So that part of procrastination – it just occurred to me that procrastination is in fact a three-headed dragon – and I get along just fine. I simply need to find a way to make peace with the demands of the other two.

Mostly, they’re hungry. We’re all wild when our stomachs or our souls are empty.

And that’s what my last piece was about: commitment. Choosing. Deciding. Cutting – not myself, my limb, my fears, my essentials – to heal, not hurt. Facing and feeding my dragons so I can keep them fat and happy. 

Because, after all, we belong together.

saying yes means saying no

Decide, in Latin, means “to cut”.*

This is why we procrastinate. (Procrastination is a function of existential crisis, says Timothy A. Pychyl.) We delay decision and so we delay action. (My indecision is final, says Jake Ebert.) And so we delay…life.

Procrastination isn’t hell. It is purgatory. It is waiting for something to happen and half-hoping nothing does. It is the absence of choice and agency. It is letting things happen to you because you refuse to choose.

Because to choose is both to embrace and foreclose possibility.

When you say yes to any beautiful choice, any sumptuous option, any delectable course of action, you’re saying no to a buffet of equally delicious opportunities.

My sister once told me this was my curse: “Your problem is that you’re good at everything so you can’t commit to anything.”

And, that Dearest Reader, is a recipe for never doing anything at all.

Talent, like love, is a blessing but only if you commit to it, cultivate it, share it.

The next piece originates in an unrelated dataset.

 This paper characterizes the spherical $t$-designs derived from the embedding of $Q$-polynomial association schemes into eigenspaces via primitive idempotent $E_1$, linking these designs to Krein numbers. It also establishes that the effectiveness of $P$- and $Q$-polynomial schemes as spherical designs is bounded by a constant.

And this is why productivity gurus, coaches and wise women (always listen to the last one more than the others unless they’re one and the same) lecture us on learning the value of no.

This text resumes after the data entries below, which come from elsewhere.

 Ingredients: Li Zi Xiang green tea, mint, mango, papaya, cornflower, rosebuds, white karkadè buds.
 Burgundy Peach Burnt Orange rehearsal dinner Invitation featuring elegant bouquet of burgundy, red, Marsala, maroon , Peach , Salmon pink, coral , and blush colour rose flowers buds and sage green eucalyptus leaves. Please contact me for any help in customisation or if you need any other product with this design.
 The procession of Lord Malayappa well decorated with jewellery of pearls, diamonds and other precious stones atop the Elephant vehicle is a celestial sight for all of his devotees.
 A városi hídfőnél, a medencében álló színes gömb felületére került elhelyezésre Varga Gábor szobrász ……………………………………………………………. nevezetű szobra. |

It isn’t merely about ending schedule-creep and busy-ness.

It is far more signficant than that: saying no is about saying yes and saying yes means saying no. 

It is about cutting and commitment. Deciding. Choosing and re-choosing your yes every day.

It is about deciding – cutting – hacking – your own path to the Mountain.

And it’s why making a commitment is so damn hard. Because saying yes to something means saying no to almost everything else. Because sometimes life is a surgical decision. You cut to live.

——

* Erwin McManus makes this point in his book Wide Awake.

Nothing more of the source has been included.